**Data in this exercise**

▼

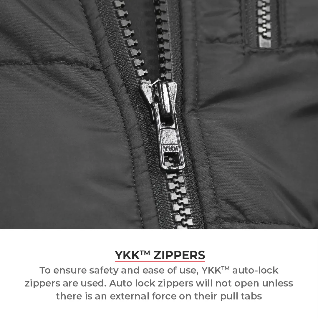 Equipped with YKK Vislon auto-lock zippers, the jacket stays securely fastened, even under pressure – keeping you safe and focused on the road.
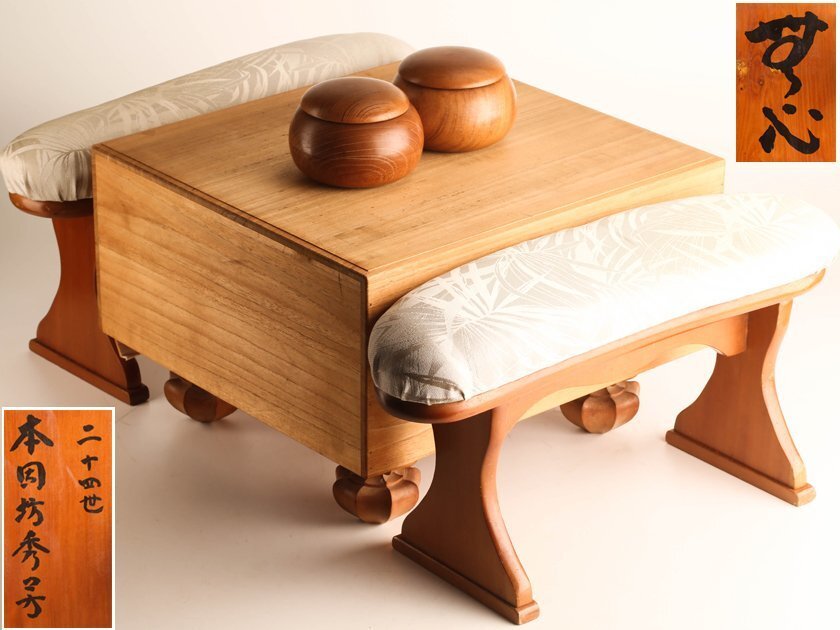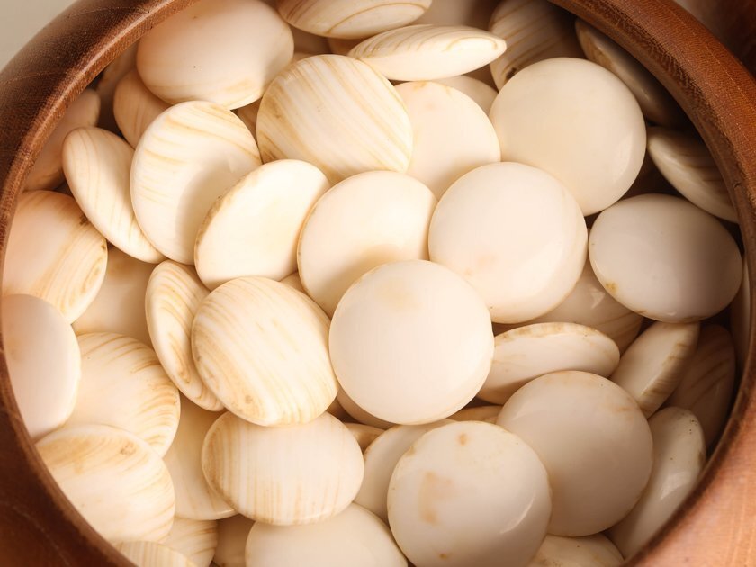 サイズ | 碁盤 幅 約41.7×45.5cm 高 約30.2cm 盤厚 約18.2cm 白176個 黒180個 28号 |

▲
▼

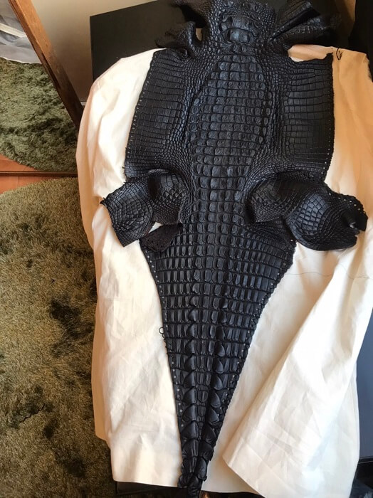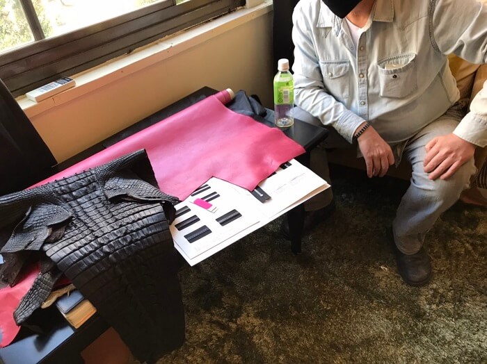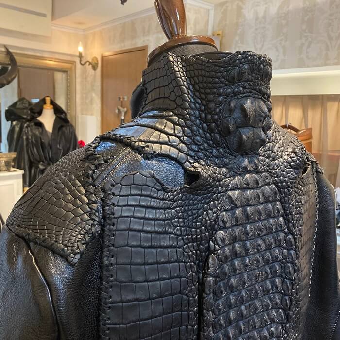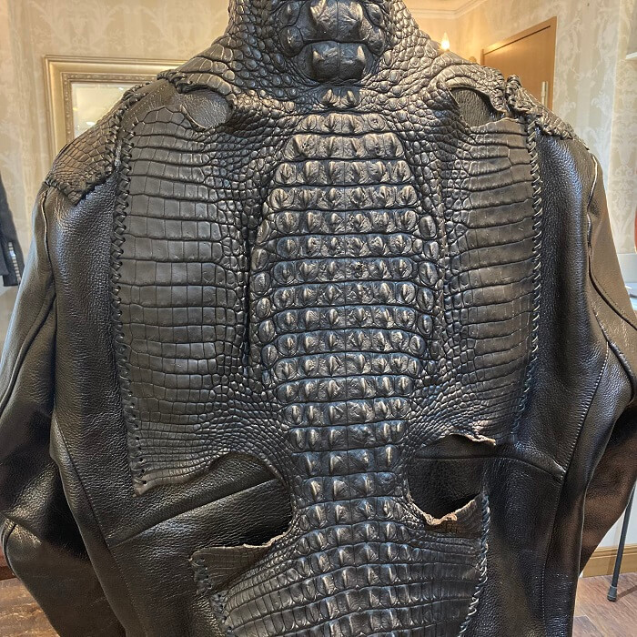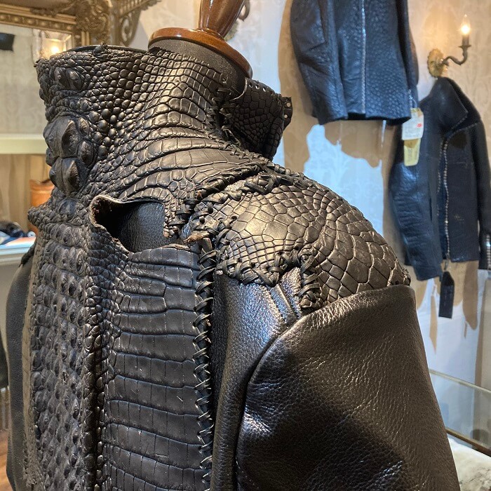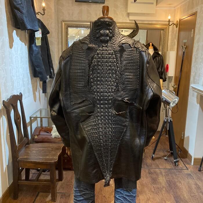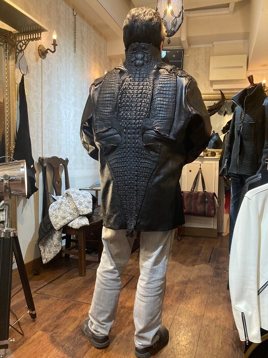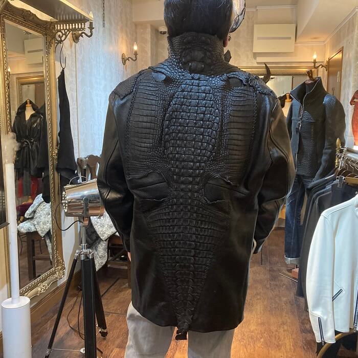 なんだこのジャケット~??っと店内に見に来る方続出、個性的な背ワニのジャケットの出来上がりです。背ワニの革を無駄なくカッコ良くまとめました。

▲

**Goal of the exercise**
Please output the lines above beginning at the line with "Equipped with YKK" and ending after the line with "サイズ | 碁盤 幅 約41.7×45.5cm", precisely as written and with no pictures.

**Solution to this problem**
 Equipped with YKK Vislon auto-lock zippers, the jacket stays securely fastened, even under pressure – keeping you safe and focused on the road.
 サイズ | 碁盤 幅 約41.7×45.5cm 高 約30.2cm 盤厚 約18.2cm 白176個 黒180個 28号 |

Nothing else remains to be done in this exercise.